HUKUK DEVLETİ İSTİYORUM
Yıllar önce Paris'te gördüğüm bir olayı sizinle paylaşmıştım. Tur otobüslerine ayrılan yere bakanın korumaları girmişti. Otobüs şoförü korumaların aracını parktan çıkarmış, kendisine horozlanan korumalara da papuç bırakmamıştı.
Bu olayı tam 20 yıl önce gözlerimle görmüş görmüş, olması gerekenin yapılmasından haz duymuştum.
Dönelim ülkemize:
Görevi yetkililere soru sormak ve aldığı cevabı haber yapmak olan bir gazeteci,görevi halkı aydınlatmak olan, ilin en büyük mülki amirine soru soruyor. Vali Bey polislere emir vererek görevini yapan gazeteciyi göz altına aldırıyor. Böyle bir manzarayı görmek benim midemi bulandırıyor. Yılan eti yedirilmiş gibi tiksinti veriyor. Böyle bir ülkede yaşamaktan utanıyorum.
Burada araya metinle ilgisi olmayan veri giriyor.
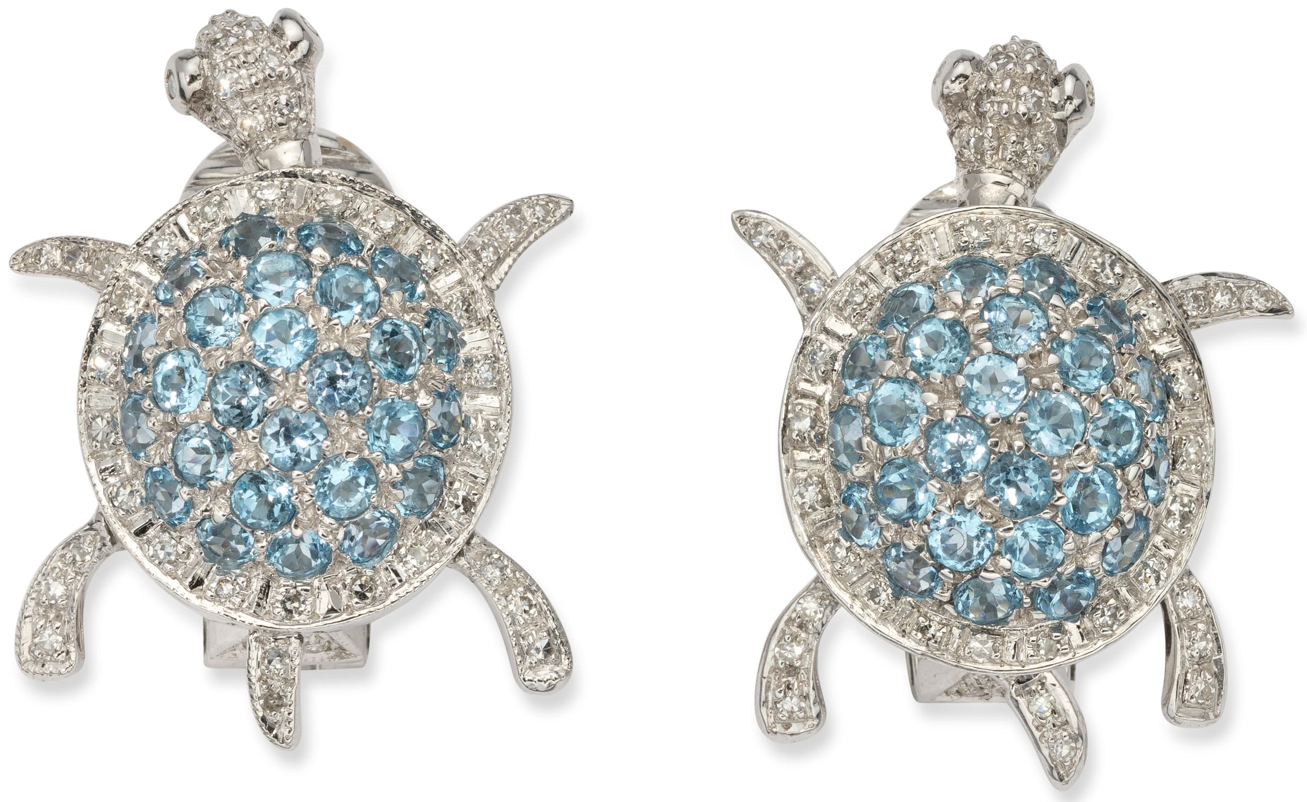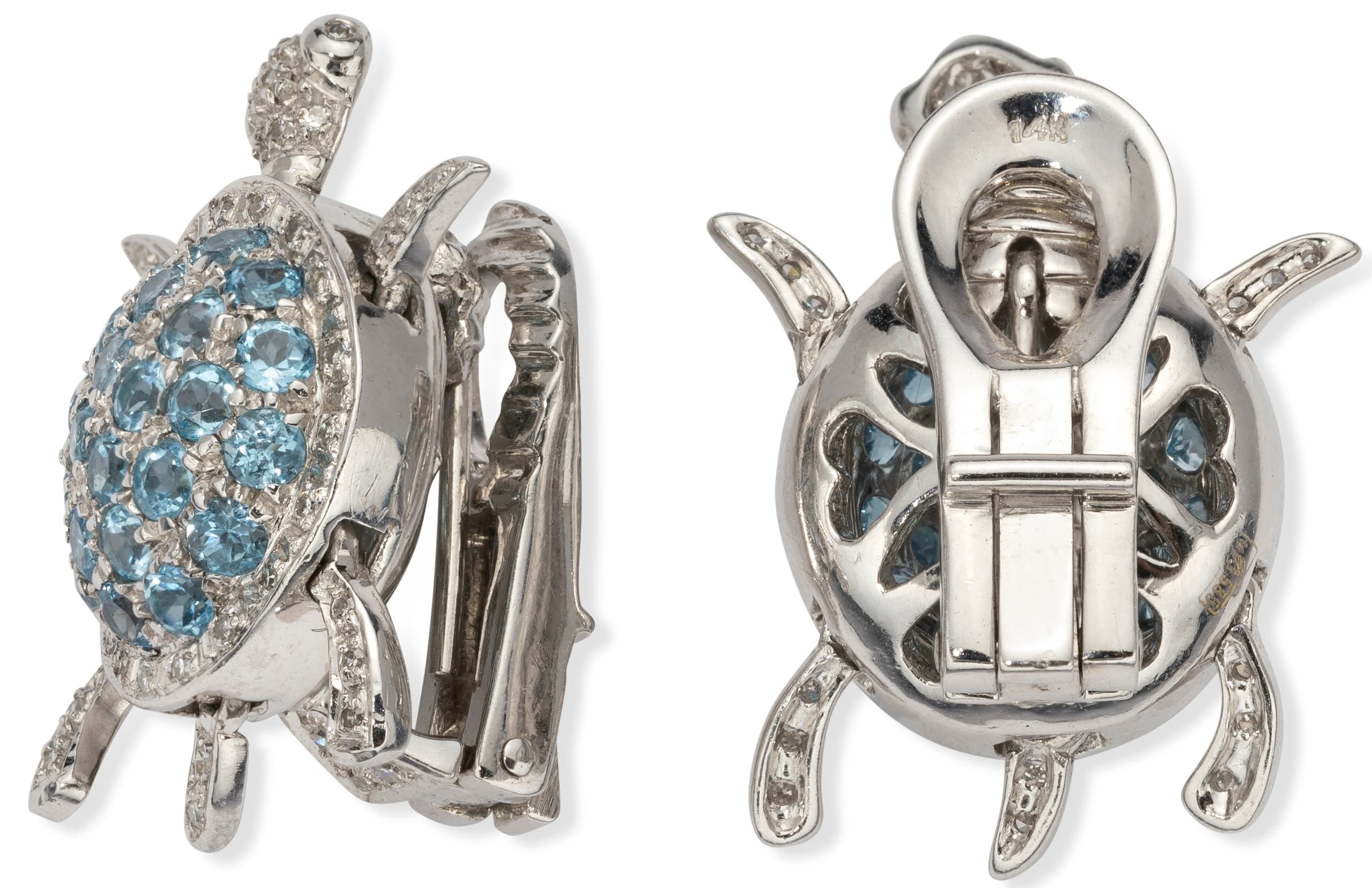 pair of 14k white gold, articulated turtles earrings / ear clips set with topaz weighing approximately 2.00 ct. and brillant-cut diamonds weighing approwimately 0.50 ct.

Ben hukuk devleti istiyorum !
Kişilerin yönettiği değil kuralların yönettiği bir ülke istiyorum. Bir gün Ali'nin bir gün Veli'nin saltanat sürdüğü bir ülke değil, asırlarca kuralların ve yasaların hakim olduğu bir ülke ... ! Yasaların kişilere göre değil hukuk kurallarına göre yapıldığı bir ülke... !
Daha önce sorulan soruya kurallar, yasalar ve teammüller gereği yanıt verilse, sorulan soru ciddiye alınsa belki de Suruç'ta yaşanan facia yaşanmayacaktı. Şimdi ortaya soruyorum 32 pırıl pırıl gencin yok olması hiç vicdanları sızlatmıyor mu ? Lütfen yetkili olanlar empati yapınınz. Bu kaybettiklerimizden bir tanesinin sizin çocuğunuz olduğunu düşünün. Allah rızası için düşünün !
Bana hiç kimse hukuk devleti ile 32 gencin ölümü arasında ne ilgi var demesin. Kişilerle değil de hukukla yönetilen ülkelerde böyle facialar yaşanmıyor. Hatası olan ya onuruyla istifa ediyor yada görevden alınıyor.
Kişiler tarafından yönetilen ülkelerde, yöneticiler basiretli idarecileri değil, dondurma yalar gibi kıç yalayanları tercih ediyor. O zaman da böyle vakaları görmek daha da sıklaşıyor.